Before he became the flag bearer for cinema violence, Sam Peckinpah made his reputation with this unique western, a marvelous rumination on ethics, morality and personal responsibility. MGM all but threw it away in the summer of 1962 but it immediately became a critical favorite.

Ride the High Country
Blu-ray
Warner Archive Collection
1962 / Color / 2:35 widescreen / 92 min. / Street Date April 4, 2017 / available through the WBshop / 21.99
Starring Randolph Scott, Joel McCrea, Mariette Hartley, Ron Starr, Edgar Buchanan, R.G. Armstrong, Jenie Jackson, James Drury, L.Q. Jones, John Anderson, John Davis Chandler, Warren Oates.
Cinematography Lucien Ballard
Art Direction Leroy Coleman, George W. Davis
Film Editor Frank Santillo
Original Music George Bassman
Written by N.B. Stone Jr.
Produced by Richard E. Lyons
Directed by
Sam Peckinpah

 

MGM’s western Ride the High Country put Sam Peckinpah on the map with critics and the foreign cinema literati — although it didn’t do big box office when new, the reviewers loved it. Few reviewers even noticed Sam’s first theatrical feature The Deadly Companions, a modestly budgeted independent that sprang from his television relationship with Brian Keith. The show became a mess when its tyrannical star Maureen O’Hara and her producer brother refused Peckinpah the leeway to alter an awkward script. Peckinpah tried to swing the picture his way by purposely shooting a different (and better) ending. The producer retaliated with a sloppy re-cut, and added insult to injury by slamming ninety minutes of mind-numbing guitar noodling onto the sound track. At least the movie looks good, even though Peckinpah’s camera angles are not always apt.

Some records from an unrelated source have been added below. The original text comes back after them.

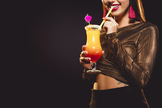 Glamorous black woman in sophisticated formal dress toasting with martini cocktail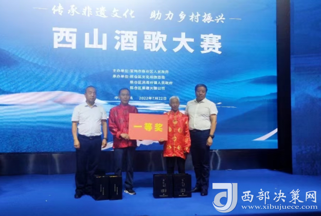 西部決策網(wǎng)訊(劉恒 通訊員 王榮)為傳承陜西省非物質(zhì)文化遺產(chǎn)“西山酒歌”文化,積極探索鄉(xiāng)村特色文化產(chǎn)業(yè)助推鄉(xiāng)村振興,進(jìn)一步豐富人民群眾文化生活,展示廣大人民群眾的良好精神風(fēng)貌。7月22日由寶雞市陳倉區(qū)人民政府主辦,區(qū)文旅局、鳳閣嶺鎮(zhèn)人民政府承辦的“西山酒歌”大賽在寶雞奧斯頓酒店圓滿落下帷幕。鳳閣嶺鎮(zhèn)6個(gè)參賽隊(duì)40余名選手參加了此次比賽。區(qū)政協(xié)主席茍曉明,區(qū)委常委、常務(wù)副區(qū)長(zhǎng)屈亞奇,區(qū)委常委、人武部政委王斌,區(qū)委常委、宣傳部長(zhǎng)徐宏剛,區(qū)人大常委會(huì)副主任尉曉平,寶雞市西山建委副主任齊文強(qiáng),市陸港新城紀(jì)工委書記李巖,區(qū)法院黨組書記、院長(zhǎng)田廣玉,區(qū)文化和旅游局局長(zhǎng)齊智雄,鳳閣嶺鎮(zhèn)黨委書記張小衛(wèi),鎮(zhèn)長(zhǎng)牟峰濤,區(qū)級(jí)各部門、各鎮(zhèn)街有關(guān)領(lǐng)導(dǎo)參加活動(dòng)。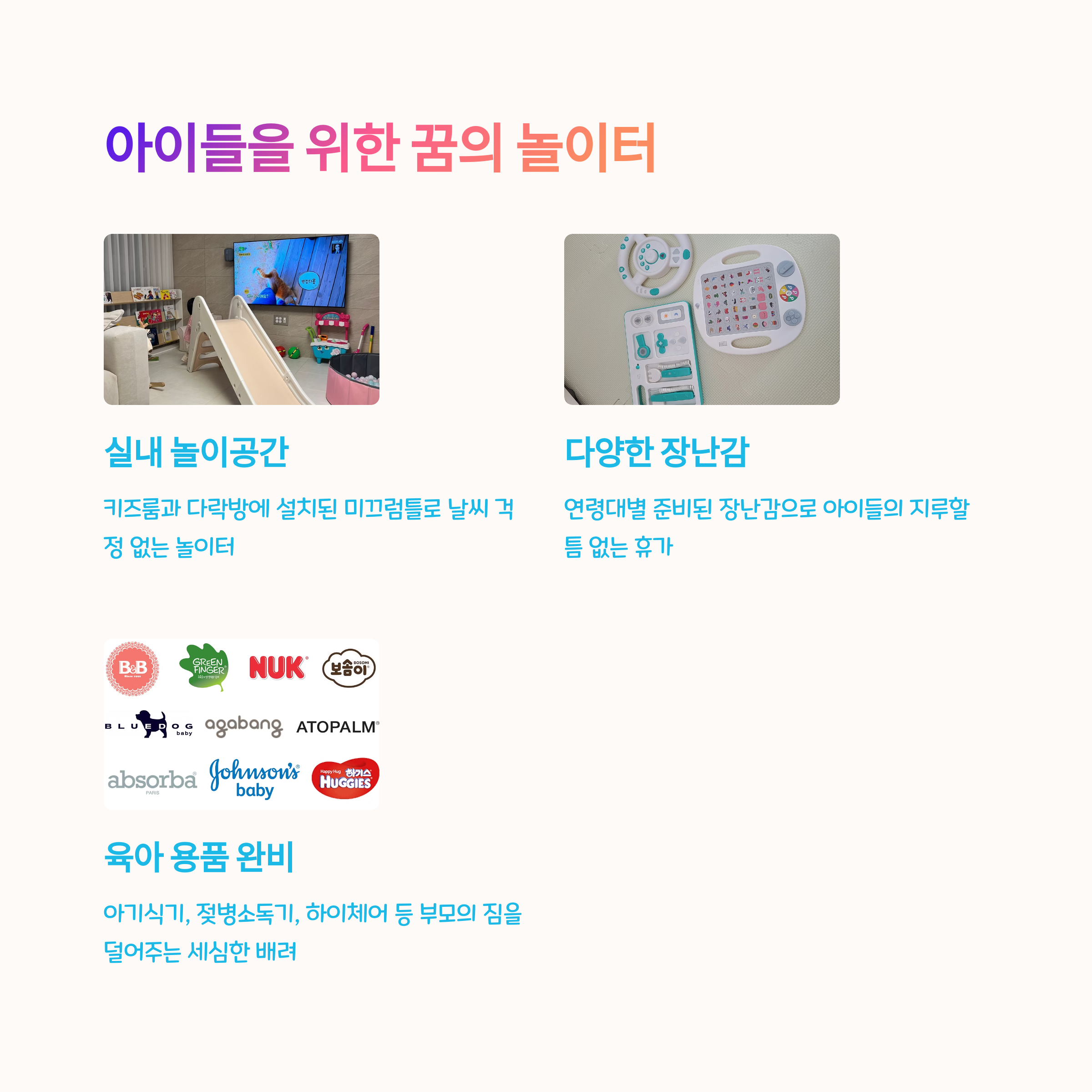 전체적으로 청결도와 편의성, 감성 분위기 모두 뛰어나 가족 단위, 키즈 동반 여행객들의 만족도가 매우 높은 숙소입니다.
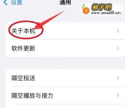 通用设慎番置中,点击“关于本机”;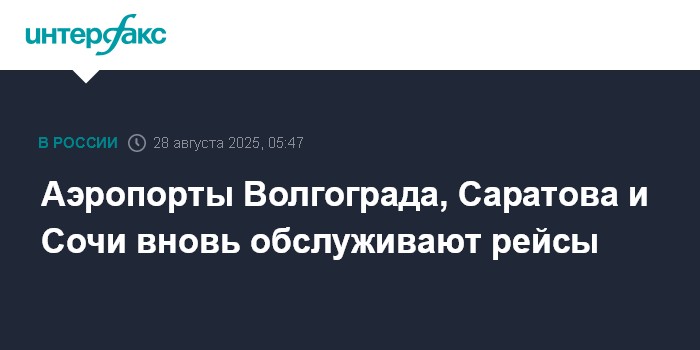 Москва. 28 августа. INTERFAX.RU - Ограничения на прием и выпуск воздушных судов сняты в аэропортах Волгограда, Саратова (Гагарин) и Сочи, сообщили в Росавиации.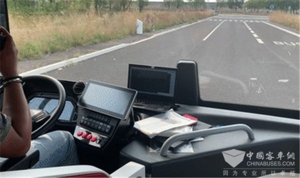 在法试运行的12米自动驾驶客车以智能驾驶、智能动力、智能互联为依托,搭载升级版“T动力”,辅以智能网联V2X技术,可全方位实施人、车、路动态信息实时交互,保证交通安全,提高通行效率。自动启停、自动转弯、自动超车、自动避障……每一次起步、加减速的平顺;每一个路况的合理应对;每一次转弯及避让的精准,都让法国客户不禁竖起大拇指。

Ride the High Country is a thousand percent improvement in all departments. Producer Richard E. Lyons and Peckinpah had a good experience together, following an original script that Peckinpah tweaked and improved with excellent, authentic dialogue. Randolph Scott and Joel McCrea meet a Bible-thumping farmer and for several scenes thereafter put a Biblical lilt into their sly verbal exchanges. When the graying lawmen share old times, they talk like codgers enjoying the memory of a private dirty joke: “All night, Logan!” “Wa-ay up, Logan!”  The dialogue reveals character even on the rebound, as when the punk gunslinger Ron Starr, staring at farm girl Mariette Hartley, is startled because he thinks he hears the word ‘Ass.’

 

Peckinpah’s western gathers up frayed themes from the genre’s previous decade and weaves them into a perfect swansong for the weather-beaten McCrea and Scott, each of whom was on the verge of retirement. Their relationship is a moral tug of war between integrity and crooked pragmatism. We love these guys — we don’t care if they turn out to be crooks, as long as they remain partners and friends.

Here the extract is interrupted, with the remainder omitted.